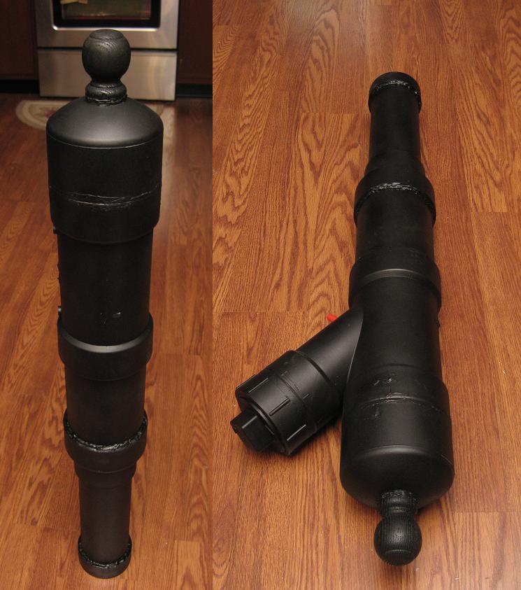 I put a shot 2" rail on th ebottom so i can use a rifle tripod to make it some what portable. Use a large 1/4" door hinge pin in the reducer to stop the balls from rolling down into the breech. Also helped support the cannon while i painted it. I hung it from that pin a few times.
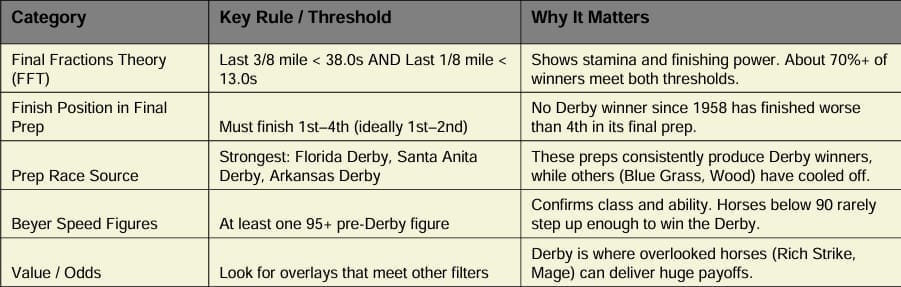 Picking a Derby winner is about integrating signals, not clinging to one. Here’s how FFT, prep location, finish position, and Beyers can work together.
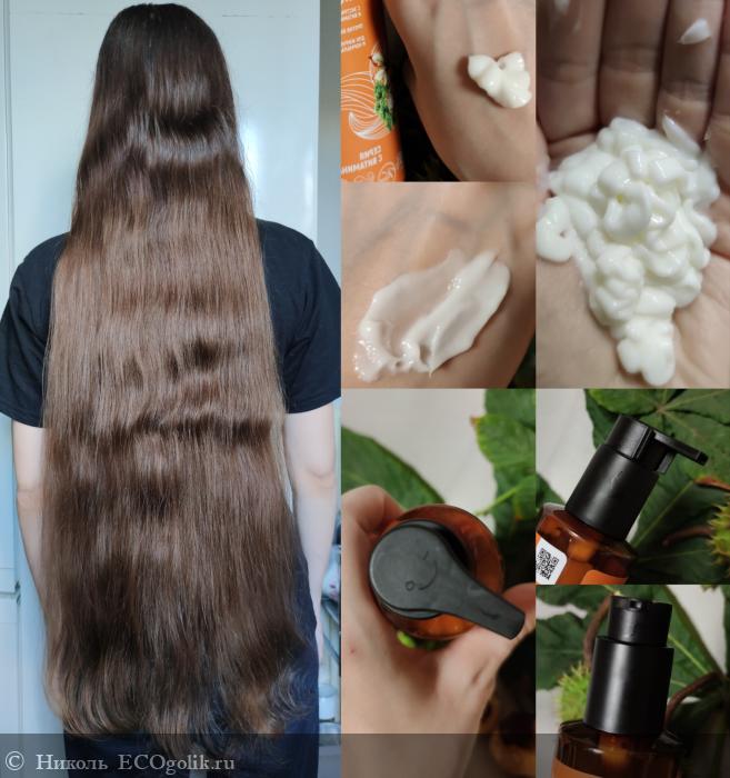 Кондиционер хранится во флаконе в объёме 200 мл. На нём есть изображение каштана. Флакончик оснащён помповым дозатором. Кондиционер имеет кремовую консистецию средней густоты белого цвета. В его аромате я чувствую в нём нотки иланг-иланга с эвкалиптово-кедровым шлейфом. Облегчает расчёсывание волос. Питает отлично. Увлажняет немного. Разглаживает неплохо. При этом сохраняя красивый завиток на кончиках. Слегка уплотняет шевелюру. Замечательно смягчает локоны, делая их послушными и блестящими. Если наносить на кожу голову ещё, то способствует росту волос и сокращению их выпадения, увеличит чуть объём и нормализует работу сальных желез. Не будет жирнить, утяжелять или влиять на частоту мытья волос. В составе: эмульгатор BTMS, масло брокколи, бетаин, гидролизованный протеин пшеницы, экстракты готу-колы и каштана, эфирные масла (иланг-иланга, кедра, эвкалипта), треонин, витамины B3, B5, B6, B7
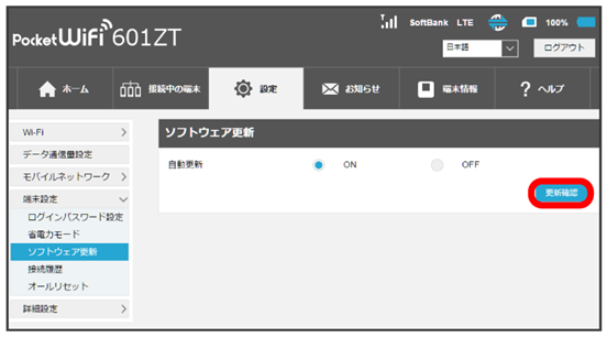 最新のソフトウェアを確認します。最新のソフトウェアがある場合はソフトウェアが更新されます。
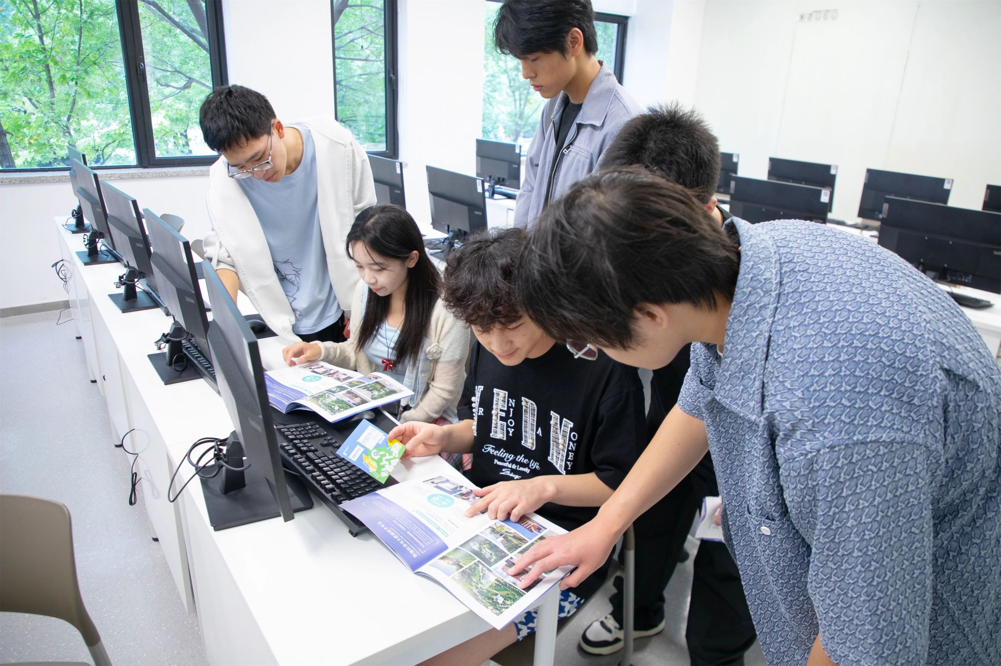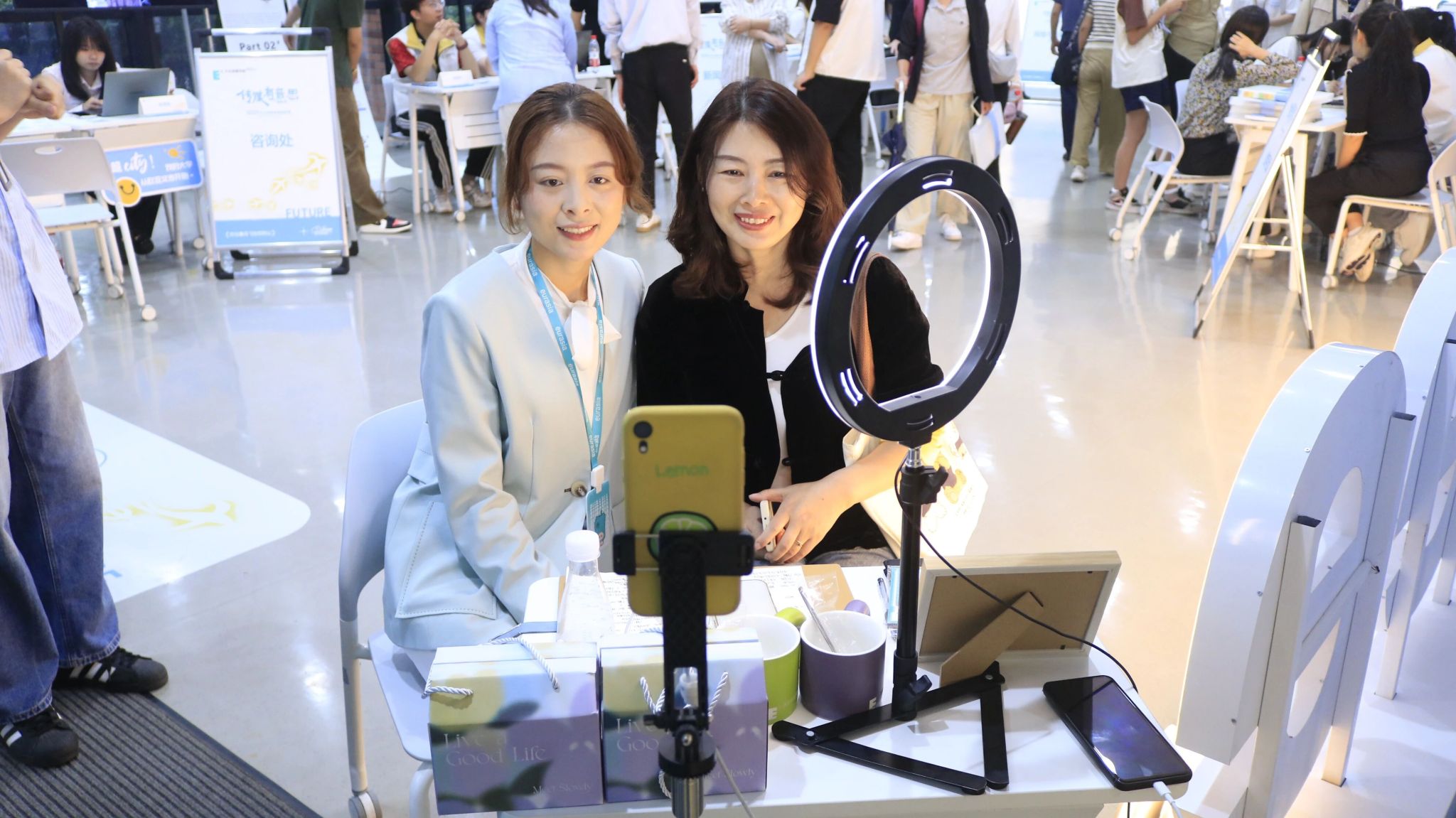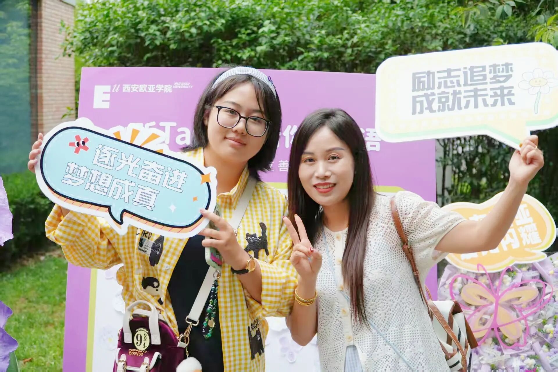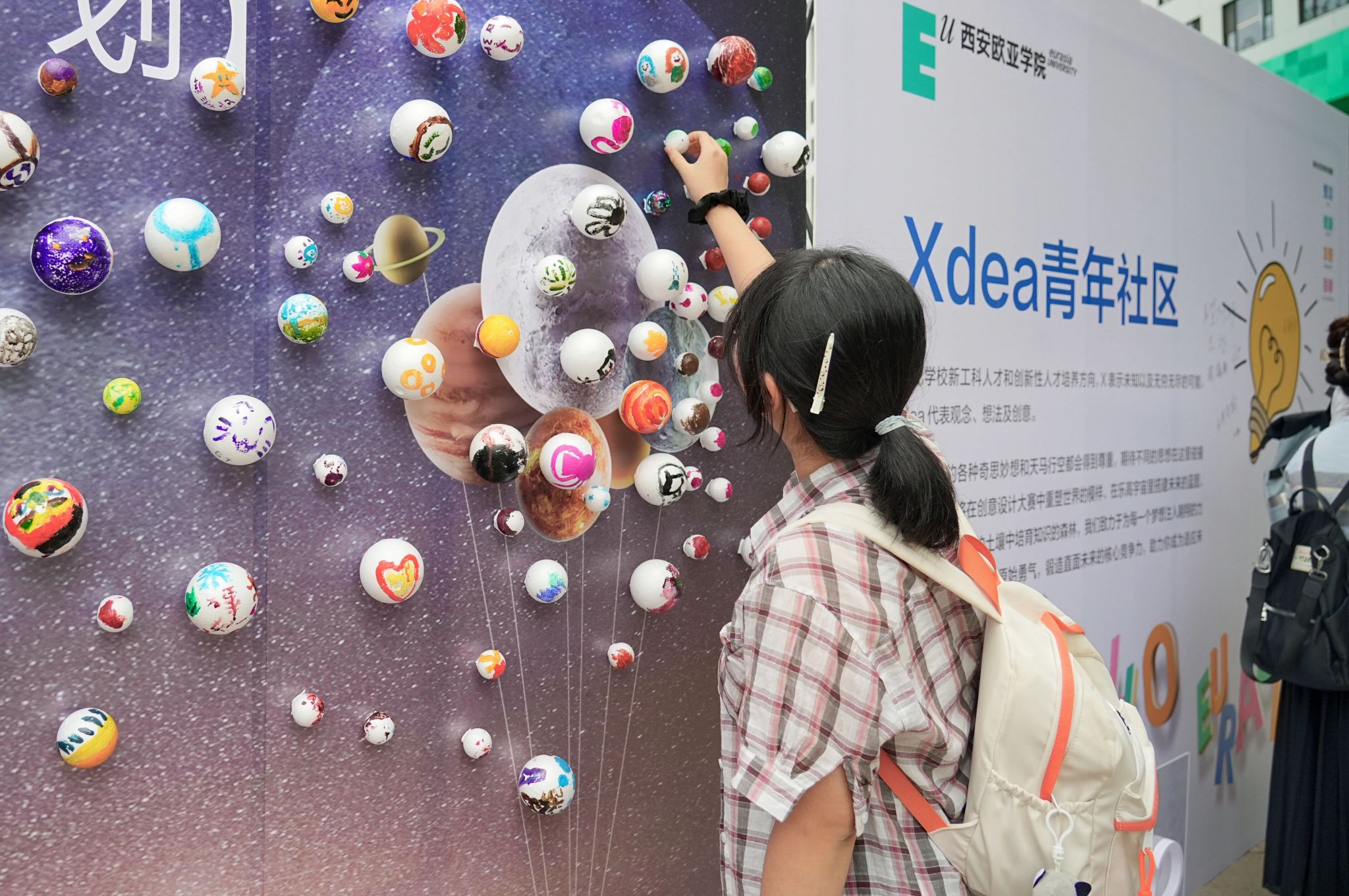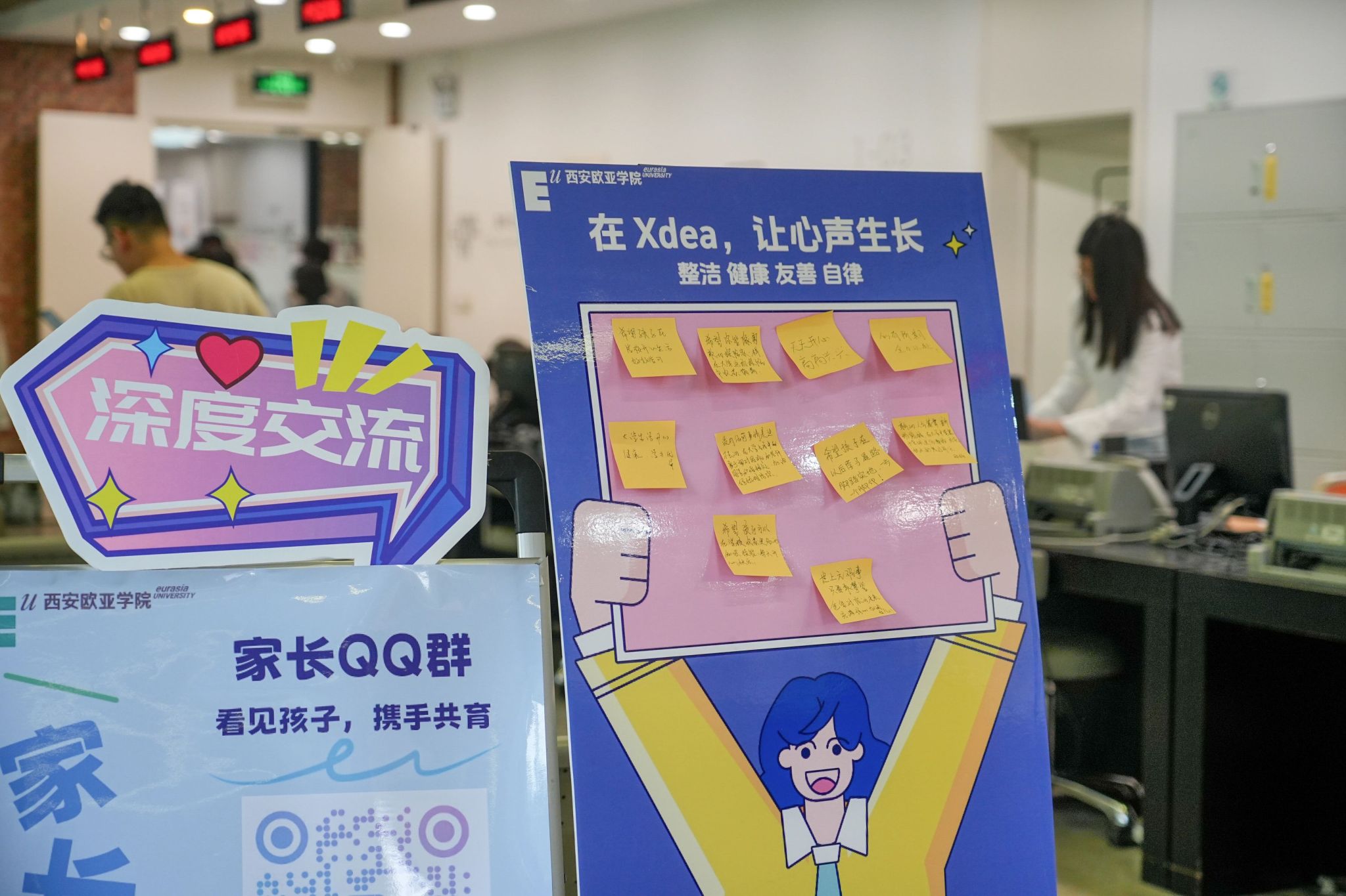 氛围的营造,也藏在细节里。校门口硕大的迎新展板和“Hello 新同学”拍照打卡装置,让人第一眼便感受到节日般的热烈;校园各干道两侧的主题展板与打卡点,记录下欧亚30年的故事与精神,也等待着新同学们留下属于自己的青春印记。

==*==

* PROBLEM DESCRIPTION *
Write out all the entries word for word, but drop the pictures.

* WORKED SOLUTION *
 I put a shot 2" rail on th ebottom so i can use a rifle tripod to make it some what portable. Use a large 1/4" door hinge pin in the reducer to stop the balls from rolling down into the breech. Also helped support the cannon while i painted it. I hung it from that pin a few times.
 Picking a Derby winner is about integrating signals, not clinging to one. Here’s how FFT, prep location, finish position, and Beyers can work together.
 Кондиционер хранится во флаконе в объёме 200 мл. На нём есть изображение каштана. Флакончик оснащён помповым дозатором. Кондиционер имеет кремовую консистецию средней густоты белого цвета. В его аромате я чувствую в нём нотки иланг-иланга с эвкалиптово-кедровым шлейфом. Облегчает расчёсывание волос. Питает отлично. Увлажняет немного. Разглаживает неплохо. При этом сохраняя красивый завиток на кончиках. Слегка уплотняет шевелюру. Замечательно смягчает локоны, делая их послушными и блестящими. Если наносить на кожу голову ещё, то способствует росту волос и сокращению их выпадения, увеличит чуть объём и нормализует работу сальных желез. Не будет жирнить, утяжелять или влиять на частоту мытья волос. В составе: эмульгатор BTMS, масло брокколи, бетаин, гидролизованный протеин пшеницы, экстракты готу-колы и каштана, эфирные масла (иланг-иланга, кедра, эвкалипта), треонин, витамины B3, B5, B6, B7
 最新のソフトウェアを確認します。最新のソフトウェアがある場合はソフトウェアが更新されます。
 氛围的营造,也藏在细节里。校门口硕大的迎新展板和“Hello 新同学”拍照打卡装置,让人第一眼便感受到节日般的热烈;校园各干道两侧的主题展板与打卡点,记录下欧亚30年的故事与精神,也等待着新同学们留下属于自己的青春印记。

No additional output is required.